CORTE DI CASSAZIONE – Sentenza 14 dicembre 2020, n. 28414
Procedura di selezione interna di conferimento di incarico – Illegittimità – Risarcimento del danno patrimoniale – Differenze retributive – Inidoneità attitudinale
Fatti di causa
La Corte d’Appello di Caltanissetta, con sentenza resa pubblica il 2/3/2017, in riforma della pronuncia di primo grado, rigettava la domanda proposta da I.C. nei confronti della s.p.a. S. società gestioni sanitarie, intesa a conseguire pronuncia di illegittimità della procedura di selezione interna di conferimento dell’incarico di caposala e dell’atto finale di graduatoria, il conseguente inquadramento nel livello Ds. e la condanna della società al risarcimento del danno patrimoniale nella misura delle differenze retributive spettanti nonché del pregiudizio alla professionalità.

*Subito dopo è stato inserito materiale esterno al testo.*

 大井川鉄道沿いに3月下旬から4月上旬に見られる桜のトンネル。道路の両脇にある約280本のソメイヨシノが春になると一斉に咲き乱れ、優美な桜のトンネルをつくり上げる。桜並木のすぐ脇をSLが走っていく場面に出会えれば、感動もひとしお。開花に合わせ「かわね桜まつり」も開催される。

La Corte di merito, in estrema sintesi, perveniva alla reiezione della domanda proposta dalla lavoratrice, valorizzando la inidoneità attitudinale della predetta, obiettivata dalla specifica attestazione resa dalla società specializzata P. s.r.l. Deduceva pertanto che, in assenza di una sia pur minima possibilità di vedersi attribuito l’incarico in questione, in ragione del mancato possesso dei requisiti richiesti, doveva ritenersi assente l’interesse ad agire della lavoratrice.
Avverso tale decisione I.C. interpone ricorso per cassazione affidato a due motivi.

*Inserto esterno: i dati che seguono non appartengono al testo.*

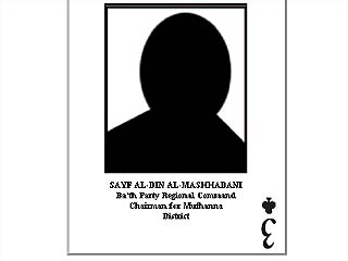 Согласно заявлению СЕНТКОМ, в субботу задержаны Саиф аль-Дин аль-Машхадани, (в колоде 55-ти тройка треф), бывший региональный глава Баас в провинции Мутанна, и Сад Абд аль-Маджид аль-Фейсал, возглавлявший отделение правящей партии в провинции Салах-эд-Дин, сообщает РИА 'Новости'.

Resiste la società intimata con controricorso successivamente illustrato da memoria ex art. 378 c.p.c.
Ragioni della decisione
1. Con il primo motivo si denuncia violazione e falsa applicazione degli artt. 1175 e 1128 c.c. in relazione all’art. 360 comma primo n.3 c.p.c. nonché omesso esame circa un fatto decisivo per il giudizio che è stato oggetto di discussione fra le parti.
Si criticano gli approdi ai quali è pervenuto il giudice del gravame per non aver disposto alcun confronto critico del risultato della scheda redatta dalla società P. con i titoli posseduti ed i corsi frequentati, idonei a dimostrare che la valutazione delle altre due concorrenti era falsata, l’atto finale di graduatoria essendo contrario a correttezza e buona fede e non conforme ai parametri di imparzialità e trasparenza cui deve essere informato l’agire della parte datoriale nell’espletamento della procedura selettiva; detta violazione si sarebbe risolta, in sintesi, nel mancato svolgimento di alcun confronto critico fra la summenzionata scheda valutativa ed i titoli posseduti dalla concorrente.
Si censura poi, analiticamente, il contenuto del rapporto redatto dalla società specializzata, non risultando comprensibili i parametri adottati dell’esperto valutatore per l’attribuzione alle altre due candidate, e del punteggio specificamente assegnato per ogni voce di riferimento, ponendosi in dubbio anche la attendibilità della selezione e la adeguatezza del personale valutatore.
2. Il motivo è privo di pregio.
La Corte di merito, nel proprio incedere argomentativo, ha avuto modo di porre in rilievo, nelle premesse, che la procedura di selezione per il conferimento dell’incarico di caposala, constava di due fasi ineludibili: l’esame dei curricula dei partecipanti, ed un colloquio da professionisti esterni all’azienda.
Ha quindi proceduto alla disamina del bando di selezione, congruamente qualificato in termini di offerta al pubblico.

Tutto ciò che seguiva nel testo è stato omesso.